Advantages of Reverse Osmosis:
- Reverse osmosis significantly reduces salt, most other inorganic material present in the water, and some organic compounds. With a quality carbon filter to remove any organic materials that get through the filter, the purity of the treated water approaches that produced by distillation.
- Microscopic parasites (including viruses) are usually removed by properly functioning RO units, but any defect in the membrane would allow these organisms to flow undetected into the “filtered” water – so they are not recommended for use on biologically unsafe water.
- Though slower than a carbon or sediment water filter, RO systems can typically purify more water per day than distillers and are less expensive to operate and maintain.
- Reverse Osmosis systems also do not use electricity, although because they require relatively high water pressure to operate, they may not work well in some emergency situations.
Disadvantages of Reverse Osmosis:
- Point of Use RO units make only a few gallons of treated water a day for drinking or cooking.
- RO systems waste water. Two to four gallons of “waste” water are flushed down the drain for each gallon of filtered water produced.
- Some pesticides, solvents and other volatile organic chemicals (VOCs) are not completely removed by RO. A good activated carbon post filter is recommended to reduce these contaminants.
- Many factors impact the RO membrane’s efficiency in reducing the amount of contaminant in the water. These include the water’s pH, temperature and pressure; the contaminant’s concentration and chemical properties as well as the membrane type and condition.
- Although RO filters do not use electricity, they depend on a relatively high water pressure to force the water molecules through the membrane. In an emergency situation where water pressure has been lost, these systems will not function.
- RO systems require maintenance. The pre and post filters and the reverse osmosis membranes must be changed according to the manufacturer’s recommendation, and the storage tank must be cleaned periodically.

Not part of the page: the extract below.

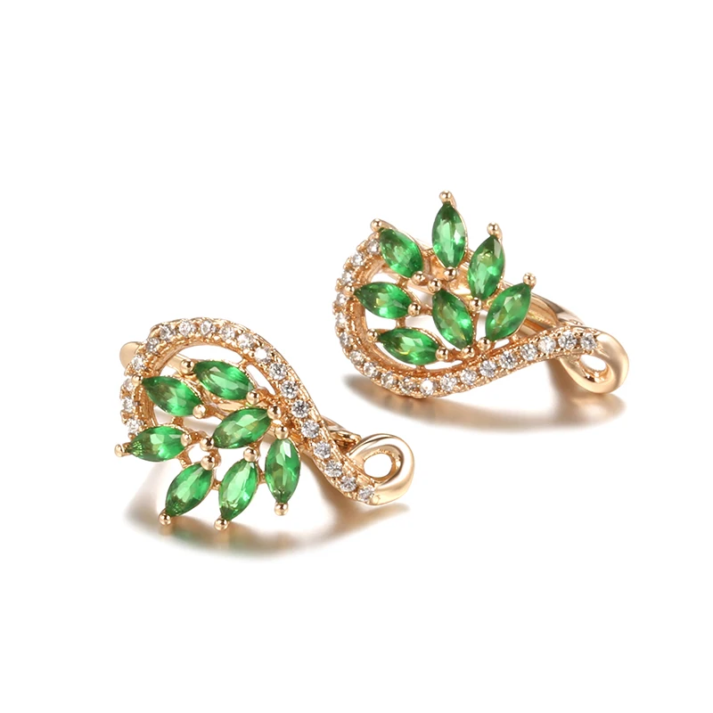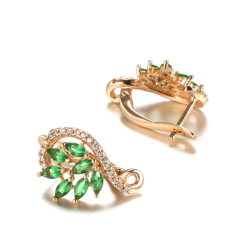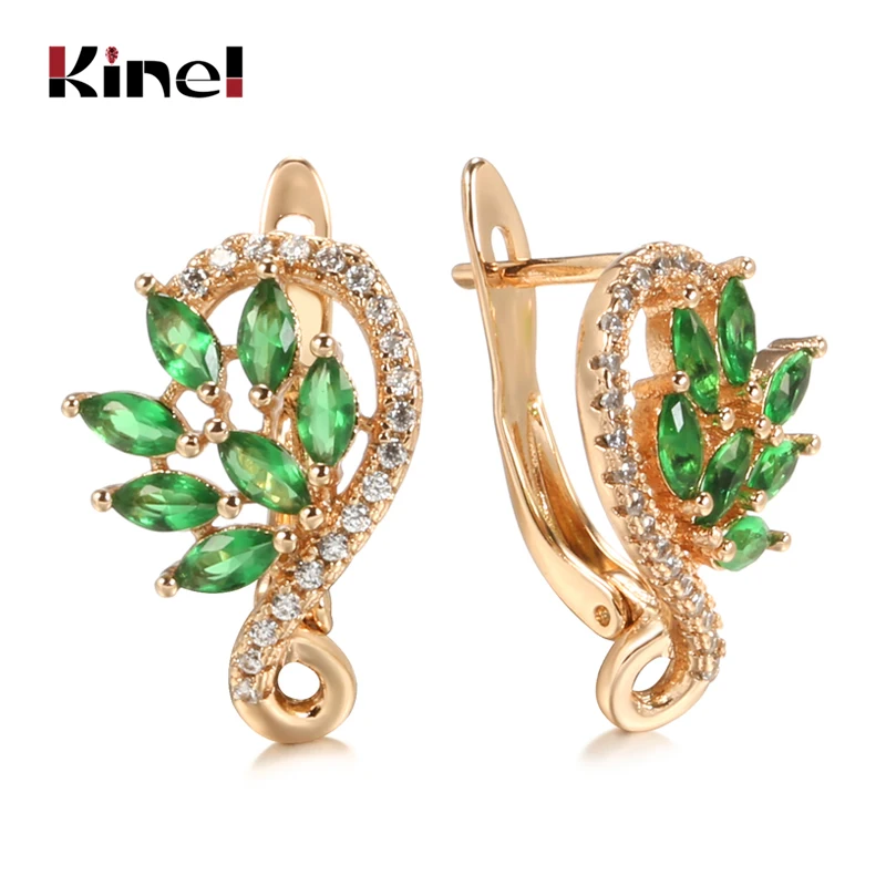 Kinel Hot 585 Rose Gold Color Earrings Fashion Jewelry 2024 for Women Shiny Green Natural Zircon Accessories Daily Fine Jewelry

- Damaged membranes are not easily detected, so it is hard to tell if the system is functioning normally and safely.
Atmospheric Water Generators (AWG):
Atmospheric Water Generators represent an incredible technological breakthrough. Drinkable Air AWG machines create pure, fresh drinking water out of the air we breathe. AWG units are humidity and temperature driven; meaning the higher the humidity in the atmosphere the more water the machine will produce. Humidity is part of the earths hydrologic cycle. The water that is produced by the AWG converting moisture in the air to water contains no contaminates, bacteria or other microorganisms.
Drinkable Air patented EnviroGuardTM purification system uses Ozone and GAC filters to ensure 100% pure water at all times. Drinkable Air AWG units carry the name “Chameleon”1 for branding and customer awareness.
How Atmospheric Water Generators work
- The Drinkable Air AWG first pulls air through an electrostatic filter, removing 99% of all air born particles.
- A condensation unit receives this clean humid airflow and condenses water vapor into liquid.
- As the machine collects the water, it drops into a collection tank where it is immediately Ozonated to kill all bacterial contaminates.
- The entire tank is chilled and this cool refreshing water is then pumped through a granulated activated carbon (GAC) filter which filters out any excess Ozone and makes the water taste great.